My experience shows that the replicas of a rbd images are never
discarded and never overwriten. Lets say my physical share is about 30
TB I make an image of 13TB (half the real space - 25% of disfunction osd
support). My experience shows that the rbd image is overwriten so if I
top the 13TB once i get a 26TB of real space used (replicas set to 2) if
I delete 8TB from those 13TB I see the real space used unchanged.
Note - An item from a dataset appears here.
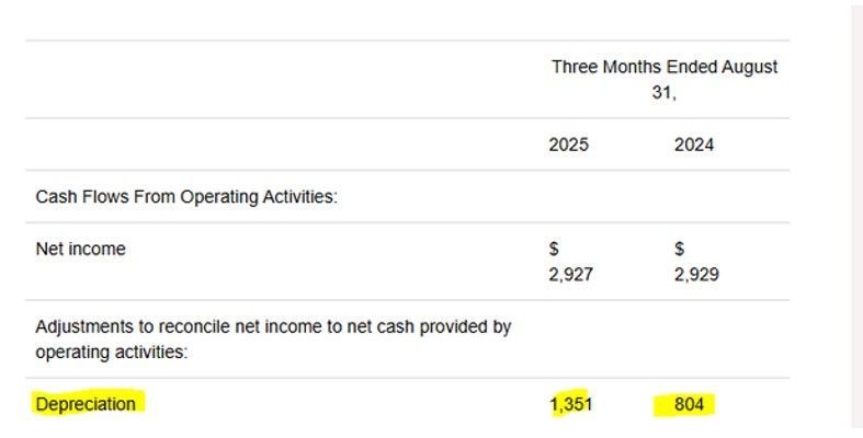 The massive AI capex of the last few years will start showing up in earnest on income statements soon. All the big spending hyperscalers will see a rapid increase in depreciation. Depreciation impacts reported earnings. ORCL is a good example. Revenues grew 12% year-over year. Net income was flat, though. The culprit was depreciation, which was up 68% year-over-year. (see chart below).

If I write back 4TB then ceph collapse it is nearfull and I have to go
buy another 30TB integrate it to my cluster to hold the problem. But
still soon I have in my ceph more useless replicas of "delete" datas
than usefull data with they replicas.
Usually when I talk to dev team about this problem they tell me that the
real problem is the lack of trim in XFS, but my own analysis shows that
the real problem is ceph internal way to handle data. It is ceph that
never discard any replicas and never "clean" itself to only keep records
of the data in use.
If ceph was behaving properly then for a replicas set to 2 I would have
my rbd image of 13 TB the 13TB replicas corresponding, and a fix 26TB
of overall used data. When I would "free" data in the rbd image the
corresponding replicas would be considered as discarded by ceph and when
the real data in the rbd image is overwriten their corresponding
replicas would be overwriten too with the new data. That would show the
overall data space used as fixed.
In case of the failure of 2 osd then the ceph system would have just
enough space to clone the replicas of the missing data which actually is
not the case in a environement that reach near full state.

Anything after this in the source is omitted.